Further, the forces brought to bear by the compression of the plastic head onto the handle during assembly contribute to a more secure engagement since the head is attached to the handle over the handle segment containing the above-described attachment mechanisms.

In a second preferred embodiment, the shaft lock comprises a collared male plug integrally formed with a lacrosse head for joining the head to a hollow lacrosse stick shaft.
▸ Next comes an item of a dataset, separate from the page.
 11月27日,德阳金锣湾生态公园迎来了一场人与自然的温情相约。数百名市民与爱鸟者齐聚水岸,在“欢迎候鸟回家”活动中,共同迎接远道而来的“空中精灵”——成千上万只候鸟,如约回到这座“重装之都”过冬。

The male plug is adapted to fit within the hollow bore of the lacrosse stick shaft. The male plug includes compressible members (e.g., ribs) that provide a snug friction fit with shafts having a range of different bore dimensions. In one preferred embodiment, the male plug includes a snubbed collar around the male plug that creates a gap between the collar and the male plug. This gap receives the wall of the lacrosse stick handle. To further secure the shaft, a fastener is preferably placed through an opening in the collar. Optionally, the shaft and possibly also the male plug have openings to receive the fastener, which are aligned with the opening in the collar.
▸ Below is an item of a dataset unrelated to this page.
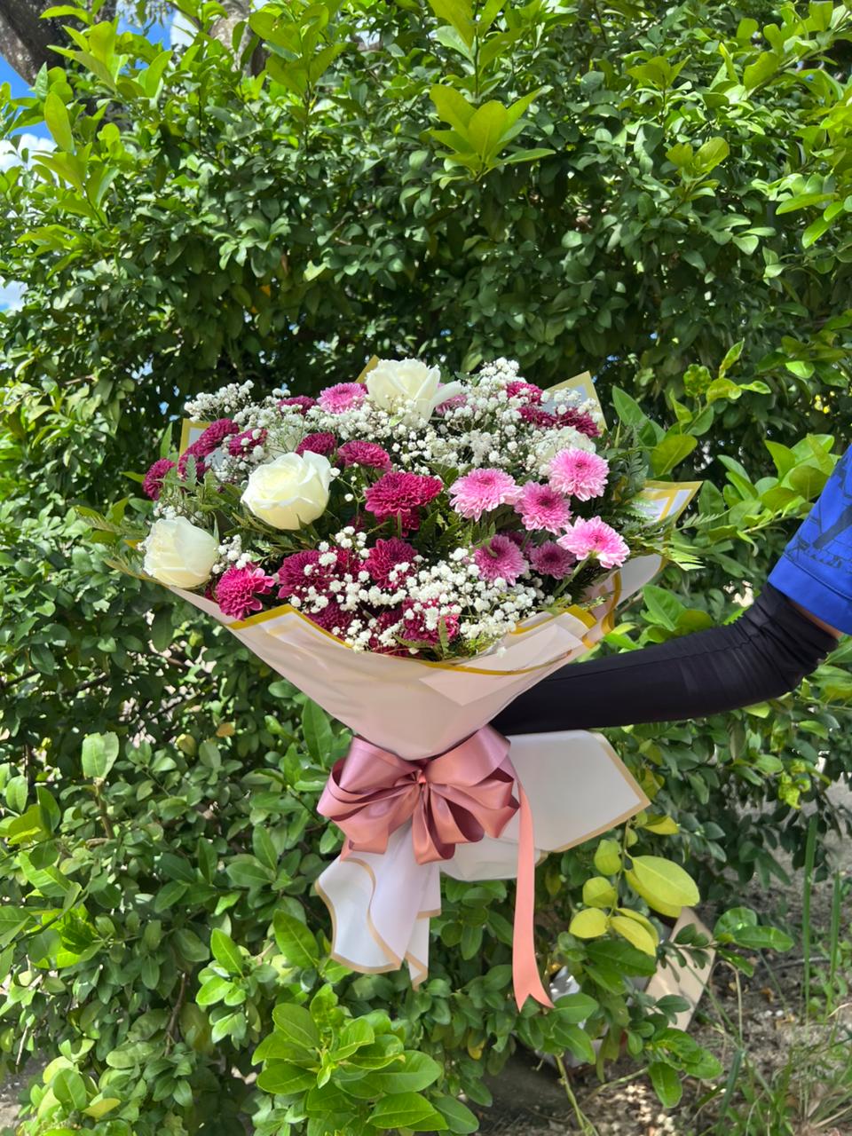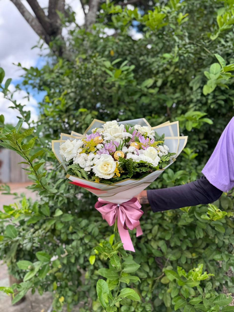 O acabamento floral respeita a suavidade das rosas, com folhagens que destacam sua beleza e um laço delicado para finalizar com muito charme 🎀

In this configuration, the shaft is held securely in place by the friction fit of the male plug, the friction fit of the collar, and the fastener. The collared male plug therefore provides a significantly stronger connection in comparison to the simple male plug connections suggested by the prior art. In addition, the snubbed collar allows a player to place his hand closer to the center of gravity of the lacrosse head and ball, providing a better feel for stick handling and ball control.
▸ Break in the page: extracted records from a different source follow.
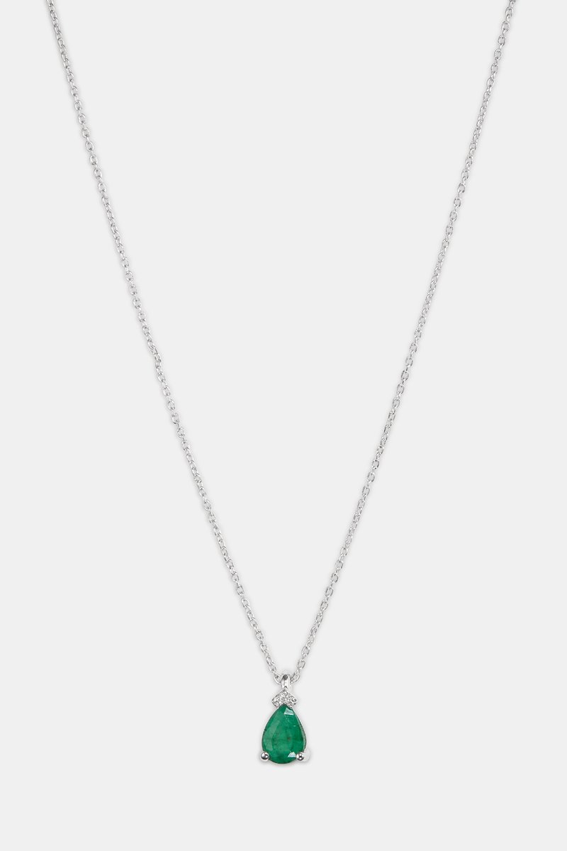 Collier en or blanc serti d'une émeraude et de 3 diamants.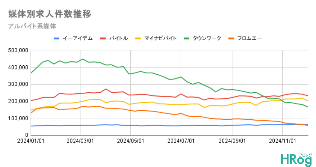 続いて、アルバイト・パート系で主要な5媒体の求人数を媒体別に見ていきます。正社員同様に、Indeed PLUSの始まったタウンワークとフロムエーに直接掲載された求人が減少しました。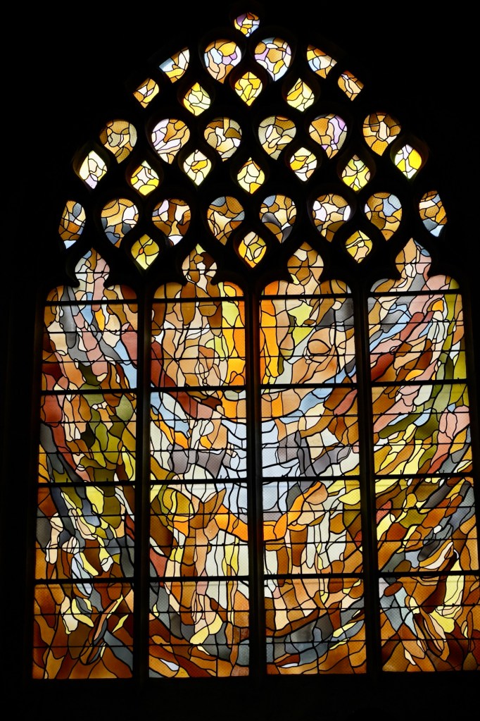 Next door was a charming cathedral being restored and we were unsure if we could enter, however we found our way inside and were rewarded by a very cosy and pretty church with a mix of traditional and modern glass. Some have a great vibe, others don’t seem to speak to us.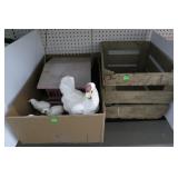 Hanging Bird Feeder, Ceramic Chicken Ornaments, Wooden Crate

In this second preferred embodiment, the compressible members on the male plug also provide a significant benefit. Many players purchase lacrosse stick shafts and heads independently and assemble custom sticks. For example, a player may prefer the head of one manufacturer and the shaft of another manufacturer, for cost or performance reasons. Players also frequently break lacrosse stick shafts and must replace them with different models or makes. To promote as many sales as possible, manufacturers tend to use uniform dimensions of the outside diameters of shafts and the corresponding female connections on the lacrosse heads. However, the inside dimensions of shafts can vary widely, due to different wall thicknesses, geometries, and shaft materials. For example, a titanium shaft would have a thinner wall than an aluminum shaft. The compressible members on the male plug help accommodate these varying inside shaft dimensions.

The present invention is described in greater detail in the detailed description of the invention, and the appended drawings. Additional features and advantages of the invention will be set forth in the description that follows, will be apparent from the description, or may be learned by practicing the invention.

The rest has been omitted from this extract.